Extra spaces in markup

Question

Extra spaces in markup

mihnita opened this issue 5 months ago · comments

Our current grammar for markup is this:

markup = "{" [s] "#" identifier *(s option) *(s attribute) [s] "}"  ; open
       / "{" [s] "#" identifier *(s option) *(s attribute) [s] "/}" ; standalone
       / "{" [s] "/" identifier *(s option) *(s attribute) [s] "}"  ; close

That's what it looks like after adding adding options to close.
But the issue is independent.

I would like to make the case that the first space after { is not only unnecessary, but somewhat problematic.
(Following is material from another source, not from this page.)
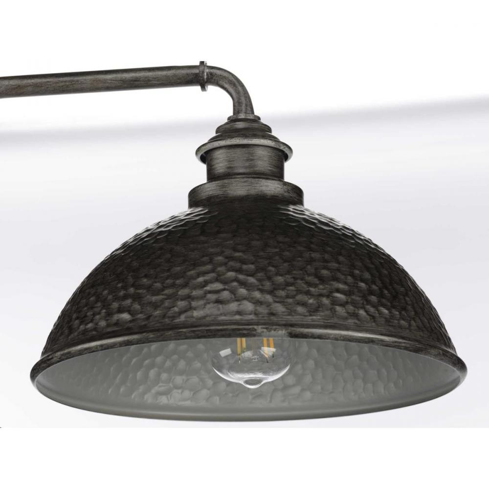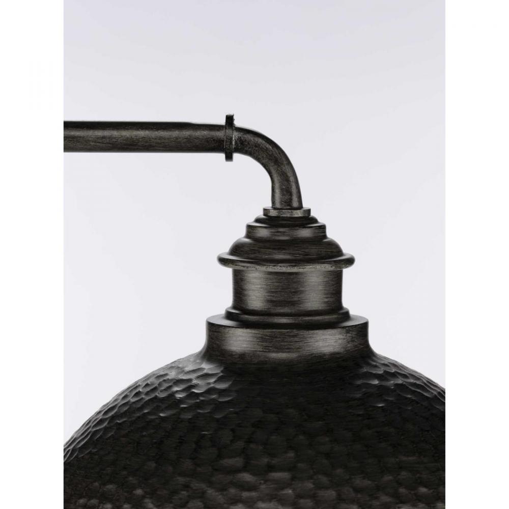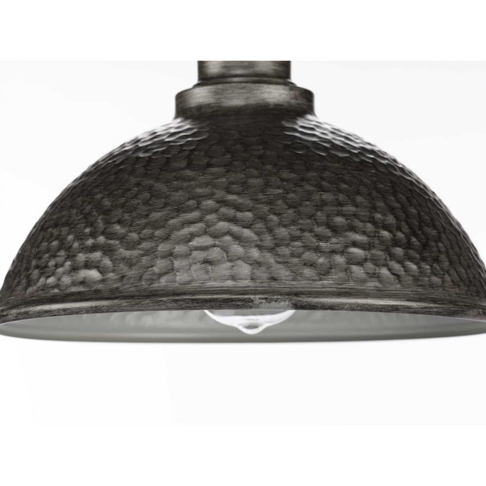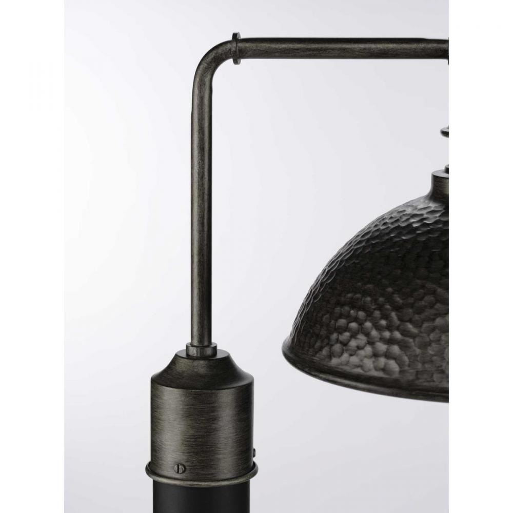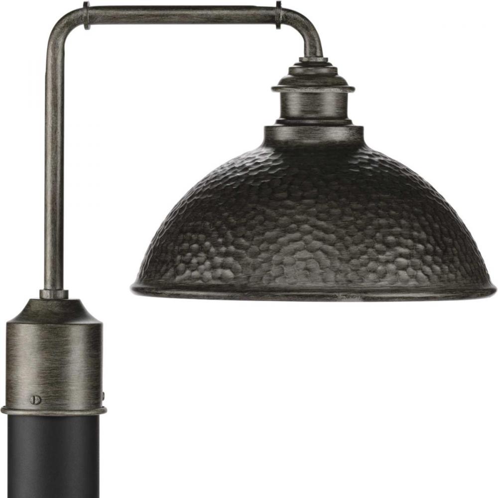 Relax and enjoy an evening basking in the light of the Englewood one-light post lantern in any outdoor space. The fixture’s striking, hammered Antique Pewter shade is accented by a metallic inner shade. The structure’s pipe-like arm gives it an added rustic appeal, making it an excellent choice for farmhouse and rustic exteriors.

It forces us into a (possibly big) lookahead.
We see the {, and then we might have to "consume" a lot of spaces to know where we are (markup or expression)
I decided to strikethrough because it is the least compelling argument. It is not about the parsing, at all. [mihnita]
The open / close attribute is something associated to the whole markup, not the identifier.
It is this whole marker that is standalone or close, not the attribute
It is somewhat internally inconsistent.
The / at the end of the standalone is tied with the closing }, there is no [s] in between them.
This was true before PR #649, but it is more visible now.
It is even invalid in HTML and XML.
None of this works:  and  and

Mihai Nita · Answer 1 · Thu Feb 15 2024 11:12:07 GMT+0800 (China Standard Time)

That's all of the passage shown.